Untangling cell tracks: Quantifying cell migration by time lapse image data analysis.

Abstract:

Automated microscopy has given researchers access to great amounts of live cell imaging data from in vitro and in vivo experiments. Much focus has been put on extracting cell tracks from such data using a plethora of segmentation and tracking algorithms, but further analysis is normally required to draw biologically relevant conclusions. Such relevant conclusions may be whether the migration is directed or not, whether the population has homogeneous or heterogeneous migration patterns.

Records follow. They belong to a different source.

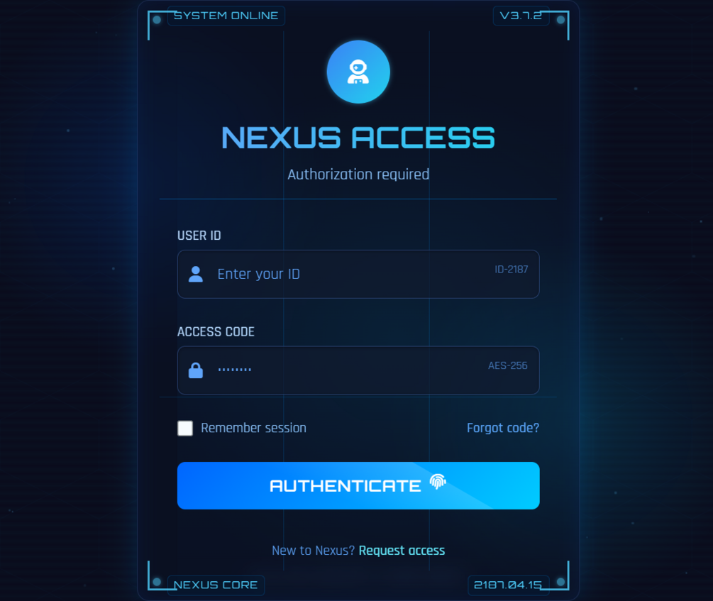 Features a futuristic UI with cursor-responsive animations, AES-style access field, and smooth user experience. Perfect for portfolios, sci-fi themed projects, or web app frontends.
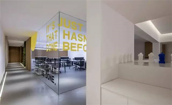 这样整个建筑里,顶面是不会有任何一根电线的,还原最纯真的原始质感。因为他们是一个影视公司,所以他们的导演都喜欢躲在一个小角落里,去创作一些自己的想法,所以设计师崔树团队做了些阳光板的小区域,在这个区域中别人不会看到你在做什么,但是有朦胧的光影影影绰绰映射进来,形成独立的思考的空间可以去创作无限的想象。
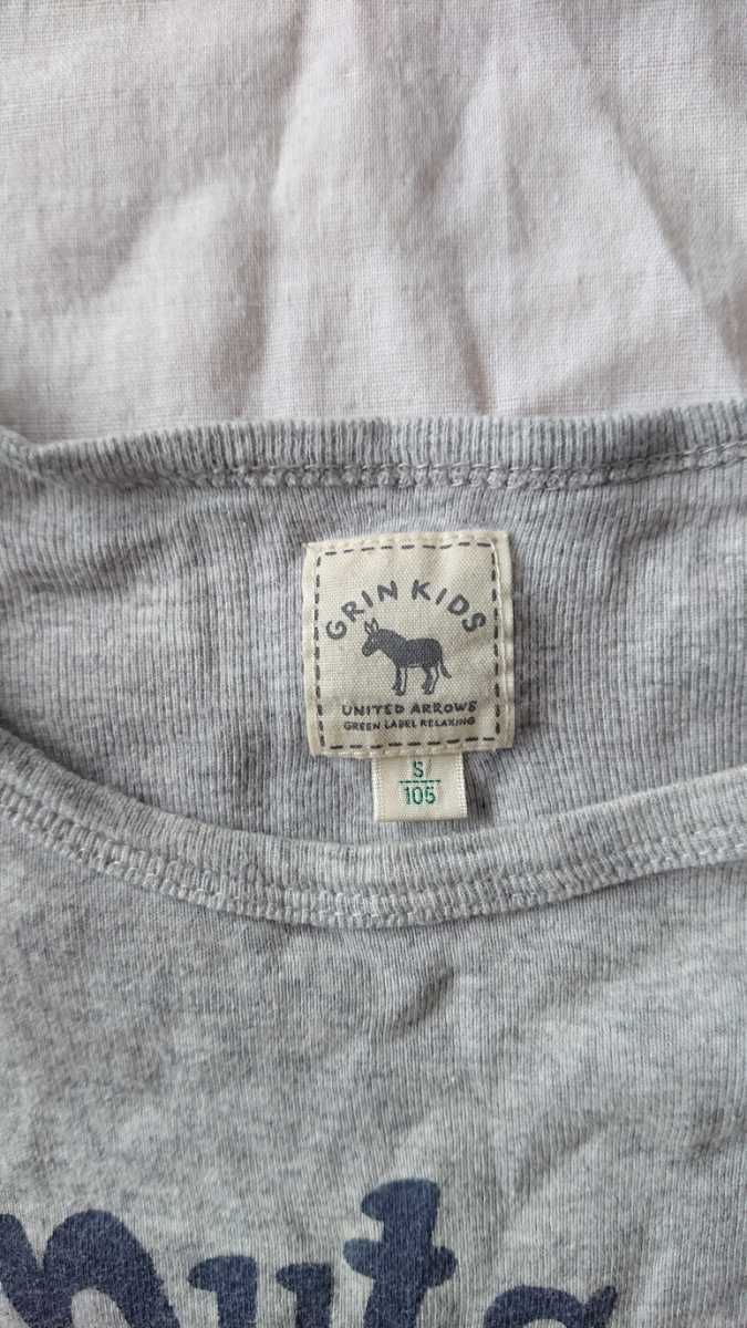 ユナイテッドアローズの子供用Tシャツです。サイズは105 。肩幅24.5cm、身幅27.5cm、着丈36cm。アメリカ古着的なイラストはとてもカッコイイです。
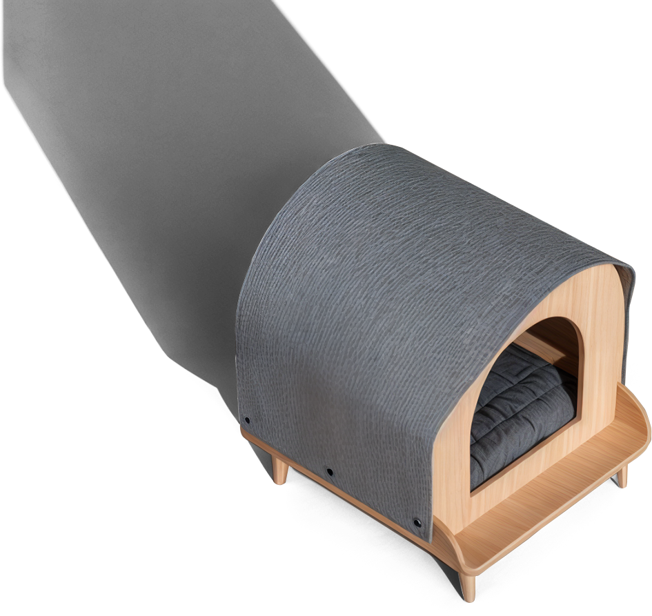 Carefully crafted with natural wooden materials, Nook provides your pets with a safe and comfortable space. Its warm and modern design seamlessly blends into any living area, combining aesthetics with functionality. 37x61x42 cm 6 Kg
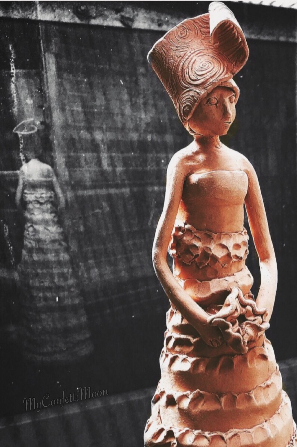 Satoshi T Beautiful clay sculpture. close up of her face with reflection of her back is good combination.
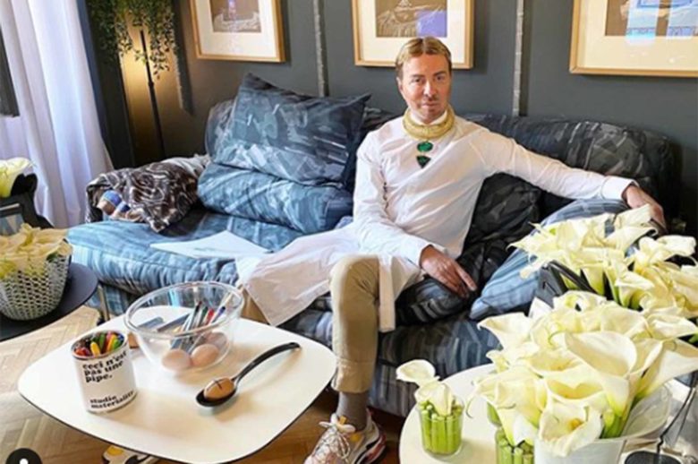 Ο Λάκης Γαβαλάς ανατρεπτικός όπως πάντα, έβαψε τα αυγά με το χέρι, με αφηρημένες χρωματιστές πινελιές. Διακόσμησε τα αυγά πάνω σε μια κουτάλια, προτείνοντας μας ένα ευφάνταστο art de la table για το βράδυ της Ανάστασης.
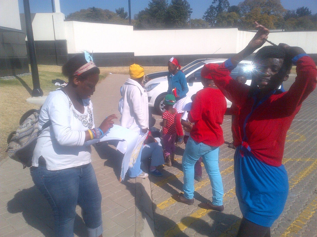 A small group of children from the organisation Children of Fire are campaigning outside the USA Embassy in Rivonia.
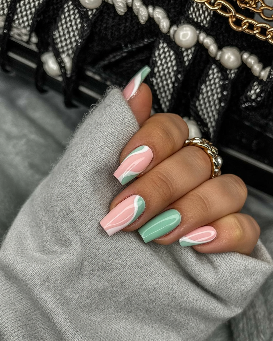 18. Mint and Pink Wave Square Nails
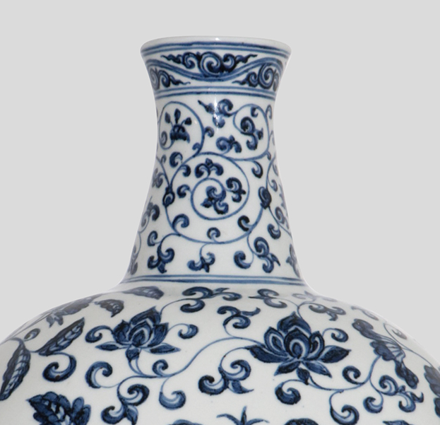 這件扁壺的青花魅力,源自珍貴的蘇麻離青料。此料產自波斯卡尚山區,由鄭和船隊經海上絲路帶回,發色幽藍深邃,滲青如水墨氤氲,飛白間隱現金屬結晶光澤,是伊斯蘭美學與中原匠藝融合的典範。鄭和遠航後此料漸絕,現已成為永宣青花鑒定核心標準,更显扁壺珍貴。
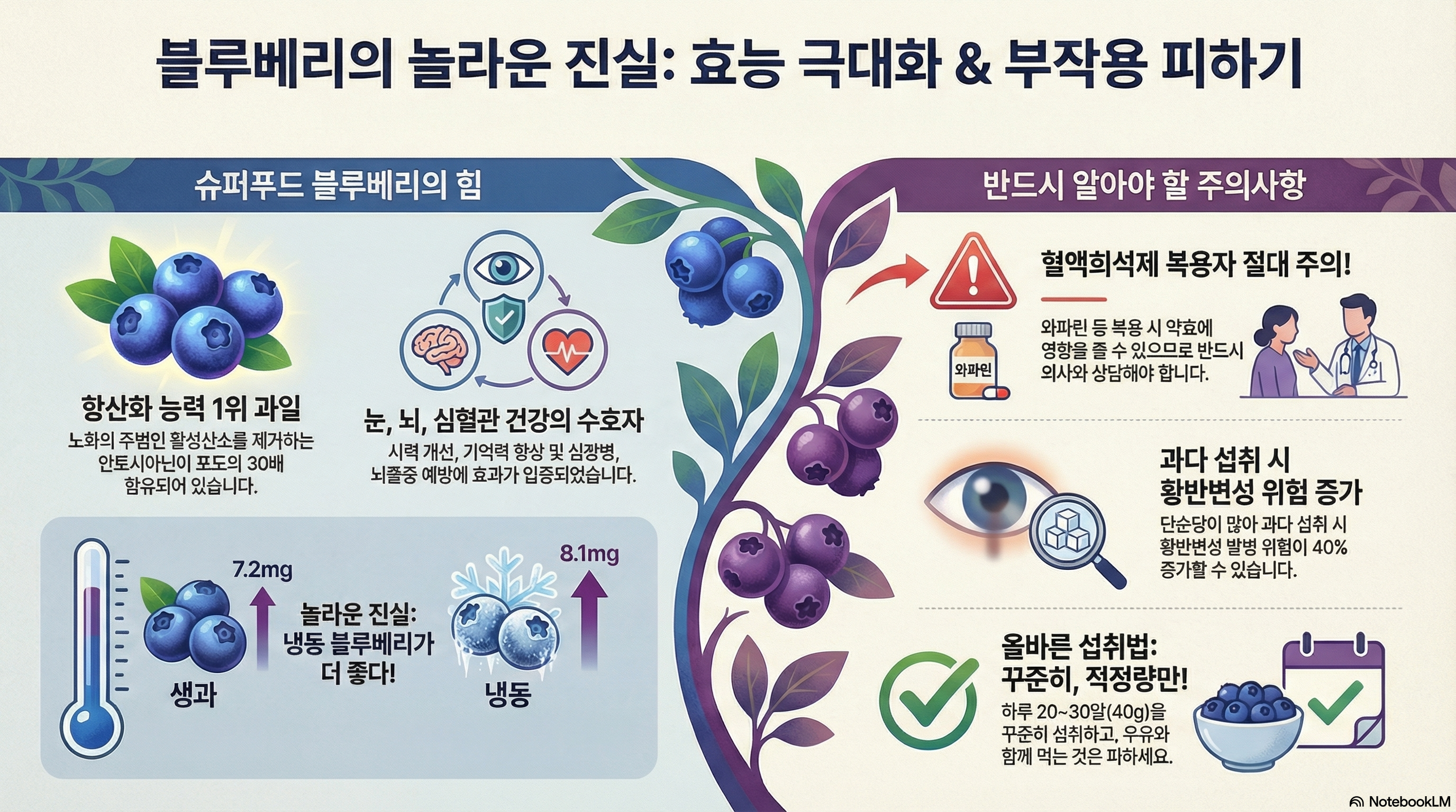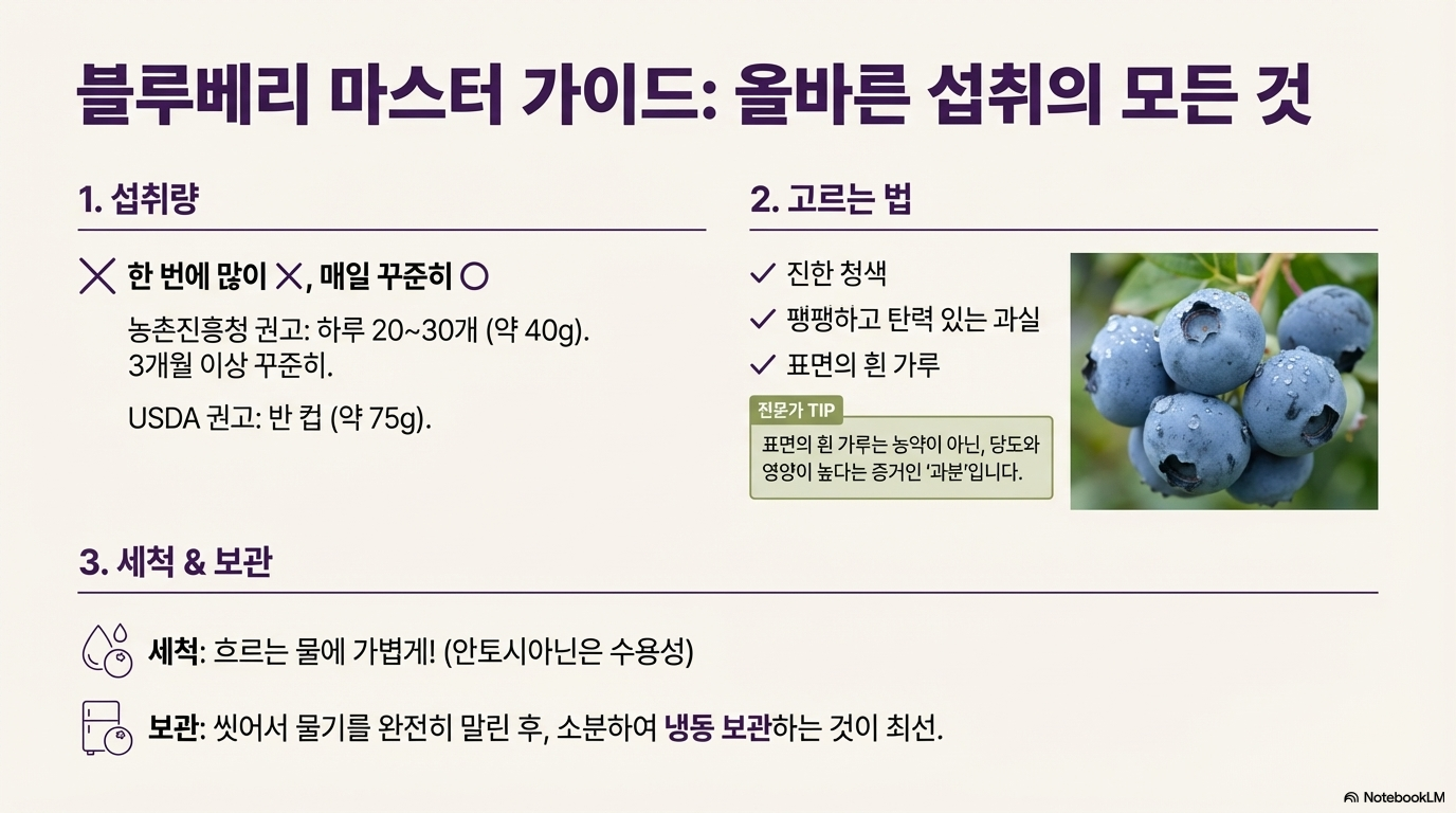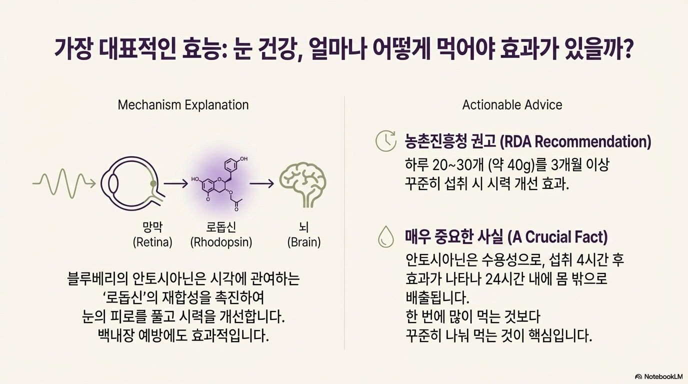 👉과학적 관점: 항산화, 눈 건강, 심혈관 질환 예방, 뇌 건강 효과는 다수의 연구로 입증되었다. 하지만 과다섭취 시 부작용도 명확하다. 특히 혈액희석제 복용자는 약물 상호작용 위험이 있고, 단순당 과다섭취 시 황반변성 발병 위험이 40% 증가한다는 연구 결과가 있다. 안토시아닌은 24시간 이내에 소실되므로 지속적 섭취가 필요하다.
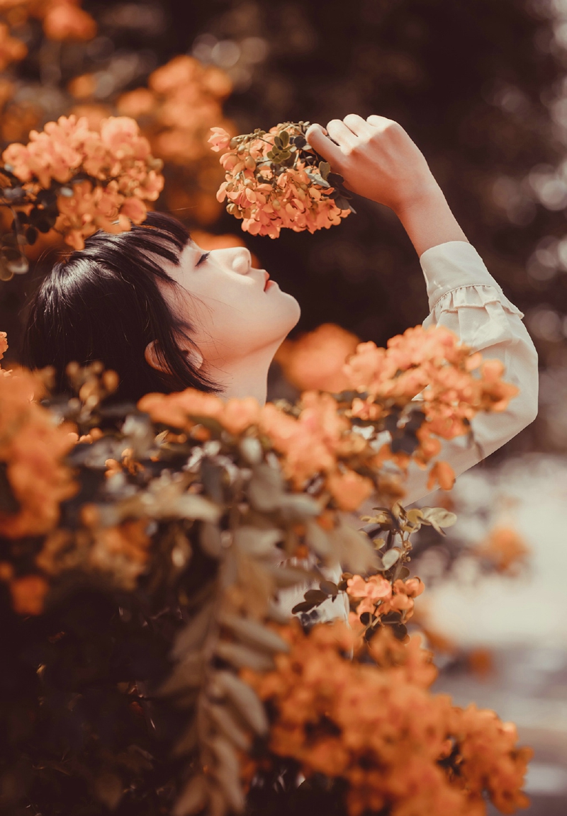 花海中的齐刘海妹子安静花容月貌
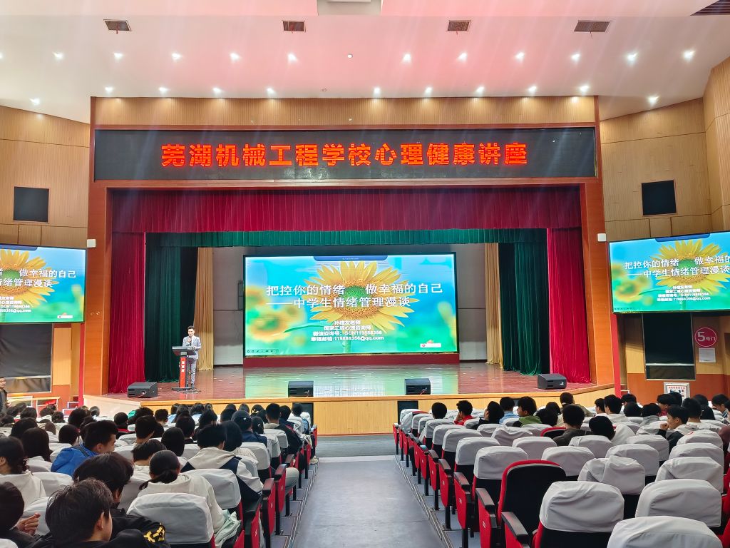 10月24日,艺术设计学院孙建友老师受邀走进芜湖机械工程学校,以 “把控你的情绪 做幸福的自己 —— 中学生情绪管理漫谈” 为主题,为该校近1000名师生带来一场实用的公益讲座,报告厅内座无虚席,互动氛围浓厚。
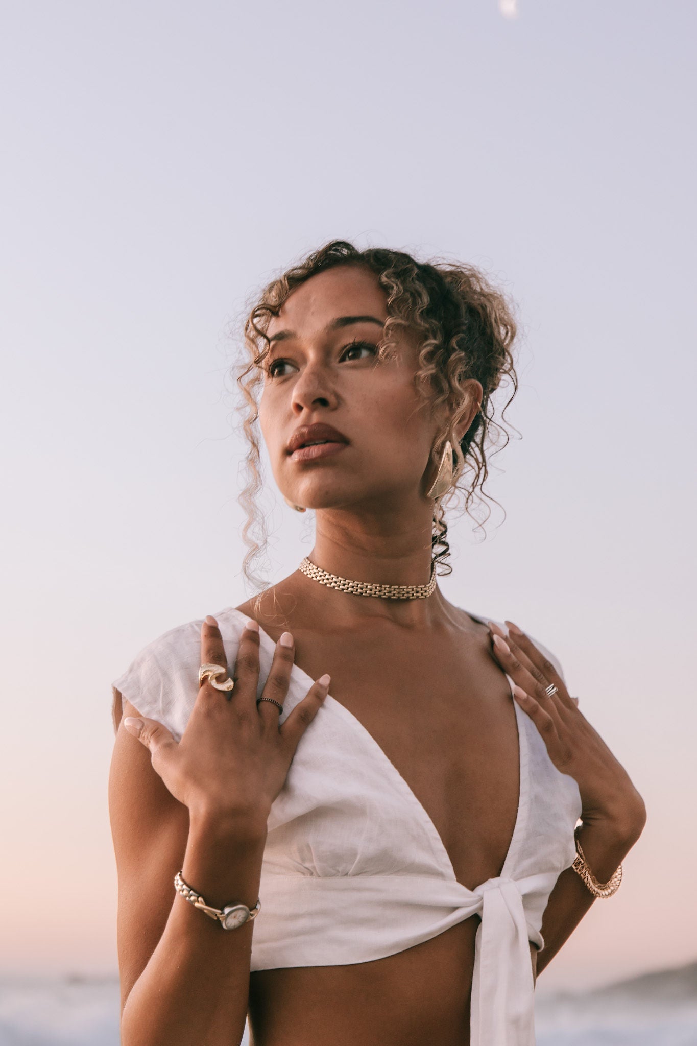 Our best seller, designed with the wide over the shoulder cut. No fast fashion here - our threads are built to last. The wrap tie allows you to adjust the top comfortably and the ruched stitching helps enhance and lift your bust. Get the full, chic look and match this top our Catherine trousers. If you have broad shoulders we recommend sizing up for a more comfortable fit.
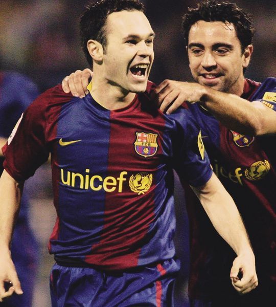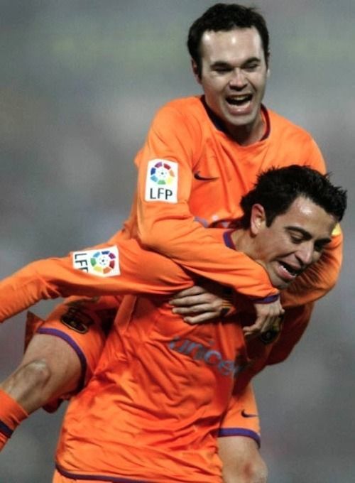 出典:https://www.pinterest.jp/pin/701576448200615303/若い頃のイニエスタの素敵な笑顔の画像です。シャビが背後から肩に手を乗せてる姿も、どこか微笑ましいシーンとなっています。
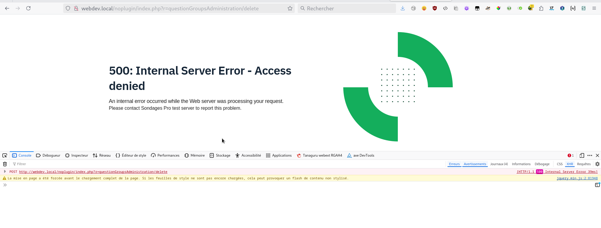 | Steps To Reproduce | Steps to reproduceSend a POST value to questionGroupsAdministration/delete with a survey activated and a real group Expected resulthave a 403 error or a 400 error about deletion Actual resultHave a 500 error | ||||

This review focuses on the analysis of cell migration data that are extracted from time lapse images. We discuss a range of measures and models used to analyze cell tracks independent of the biological system or the way the tracks were obtained. For single-cell migration, we focus on measures and models giving examples of biological systems where they have been applied, for example, migration of bacteria, fibroblasts, and immune cells. For collective migration, we describe the model systems wound healing, neural crest migration, and Drosophila gastrulation and discuss methods for cell migration within these systems. We also discuss the role of the extracellular matrix and subsequent differences between track analysis in vitro and in vivo. Besides methods and measures, we are putting special focus on the need for openly available data and code, as well as a lack of common vocabulary in cell track analysis. (c) 2017 International Society for Advancement of Cytometry.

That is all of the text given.